▶ **What this task involves**:
Having located "в Яхроме купить", write out its line and the remaining lines of the material exactly, the last one included, but not the pictures.

▶ **Input**:
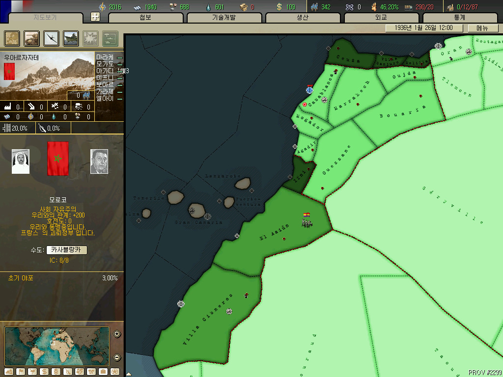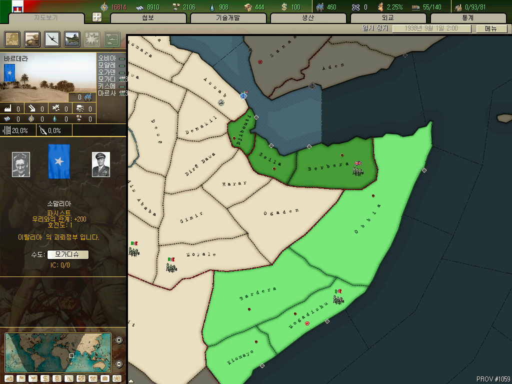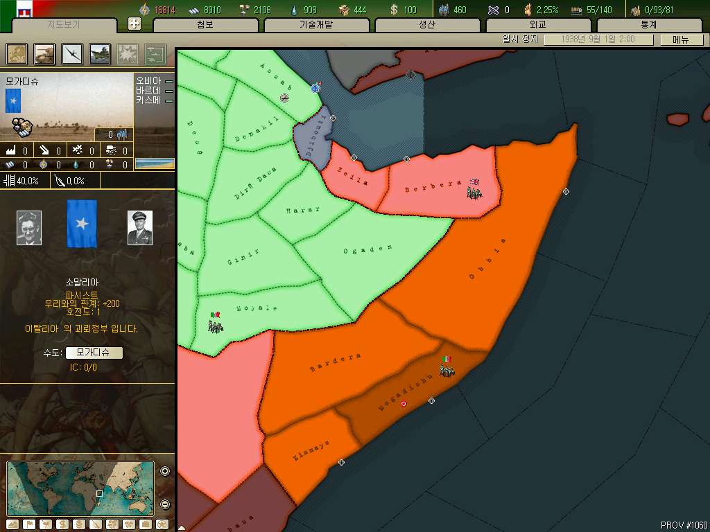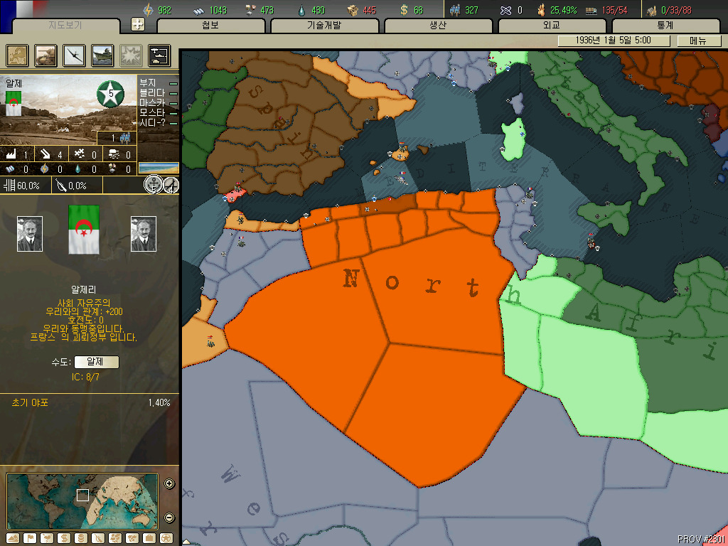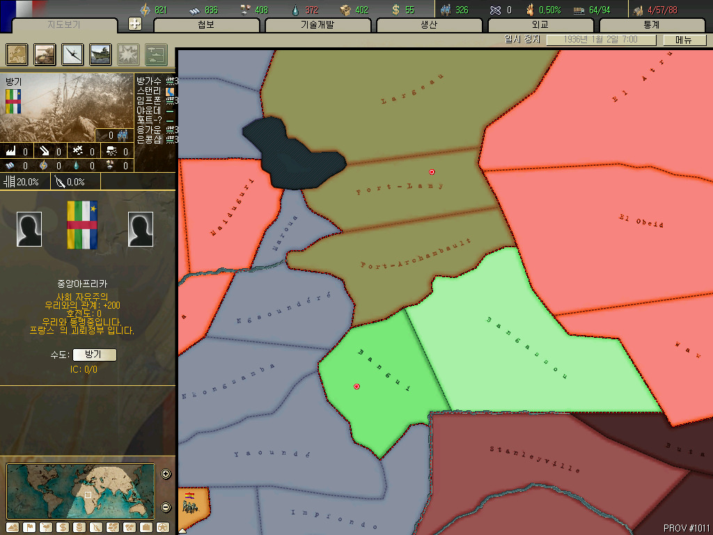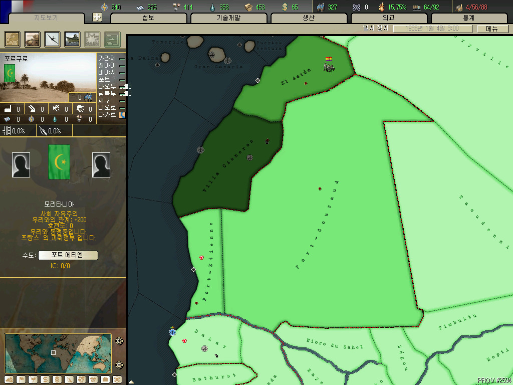 리비아입니다. 그래도 아프리카에서 어느정도 국력을 갖춘 나라지만 호이에서는 가지고 있는땅이 죄다 인력 0...
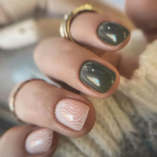 На особливу увагу в цьому списку заслуговує зелений колір. Якщо ви регулярно читаєте наші матеріали про манікюрну тенденцію, то напевно пам’ятаєте, що цей відтінок актуальний ще з минулої весни. З кожним місяцем зелений колір завойовує дедалі більше уваги. Ще б пак, адже у нього стільки різноманітних відтінків — і особливо круто вони виглядають разом, навіть у межах одного нігтя. Загалом, беріть на замітку та не бійтеся експериментів!
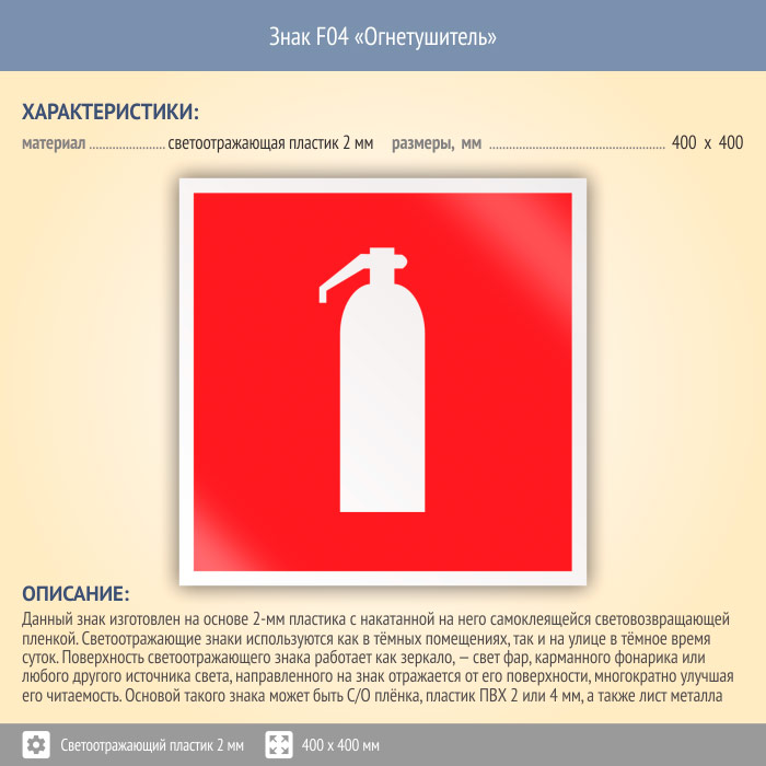 Знак F04 «Огнетушитель» (светоотражающий пластик, 400х400 мм) в Яхроме купить
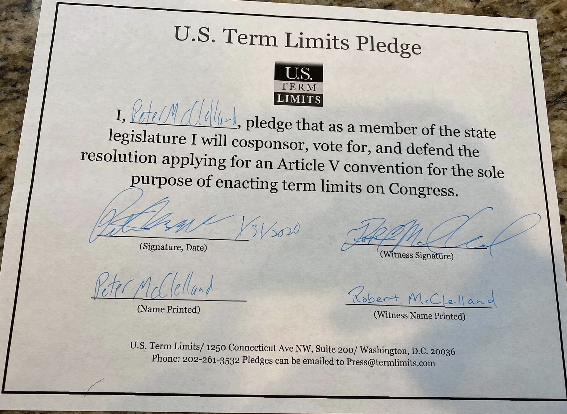 Peter McClelland Pledges to Support Congressional Term Limits
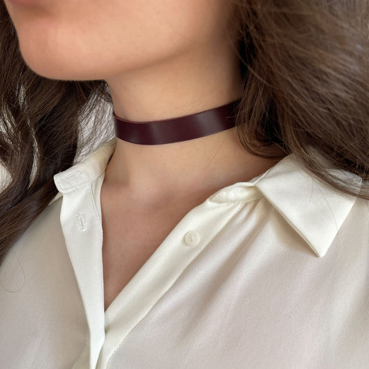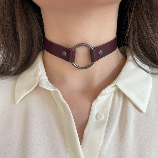 Minimalist Twin Choker with Front Ring and Buckle – Marsala
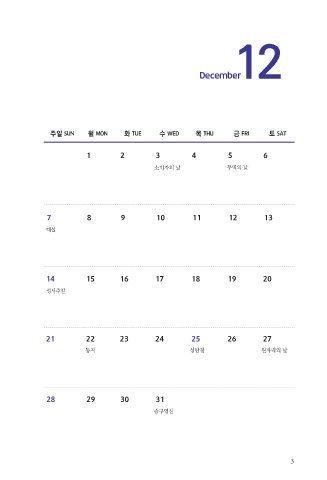 12 December 주일 SUN 월 MON 화 TUE 수 WED 목 THU 금 FRI 토 SAT 1 2 3 4 5 6 소비자의 날 무역의 날 7 8 9 10 11 12 13 대설 14 15 16 17 18 19 20 성서주일 21 22 23 24 25 26 27 동지 성탄절 원자력의 날 28 29 30 31 송구영신 3
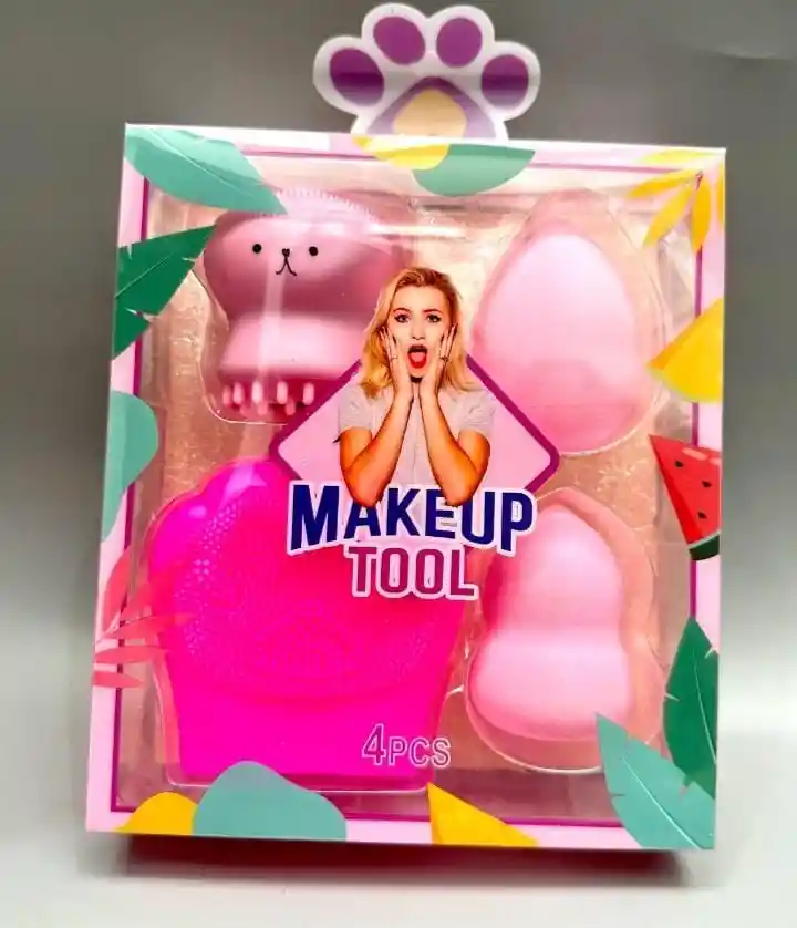 El paquete contiene cuatro piezas, que suelen ser dos esponjas de maquillaje y dos limpiadores o cepillos faciales de silicona, a menudo uno con forma de "pulpo" o con diseño de huella de gato. Estos sets están diseñados para la aplicación de maquillaje, así como para la limpieza y exfoliación facial como parte de una rutina de cuidado de la piel.

▶ **Response to the exercise**:
 Знак F04 «Огнетушитель» (светоотражающий пластик, 400х400 мм) в Яхроме купить
 Peter McClelland Pledges to Support Congressional Term Limits
 Minimalist Twin Choker with Front Ring and Buckle – Marsala
 12 December 주일 SUN 월 MON 화 TUE 수 WED 목 THU 금 FRI 토 SAT 1 2 3 4 5 6 소비자의 날 무역의 날 7 8 9 10 11 12 13 대설 14 15 16 17 18 19 20 성서주일 21 22 23 24 25 26 27 동지 성탄절 원자력의 날 28 29 30 31 송구영신 3
 El paquete contiene cuatro piezas, que suelen ser dos esponjas de maquillaje y dos limpiadores o cepillos faciales de silicona, a menudo uno con forma de "pulpo" o con diseño de huella de gato. Estos sets están diseñados para la aplicación de maquillaje, así como para la limpieza y exfoliación facial como parte de una rutina de cuidado de la piel.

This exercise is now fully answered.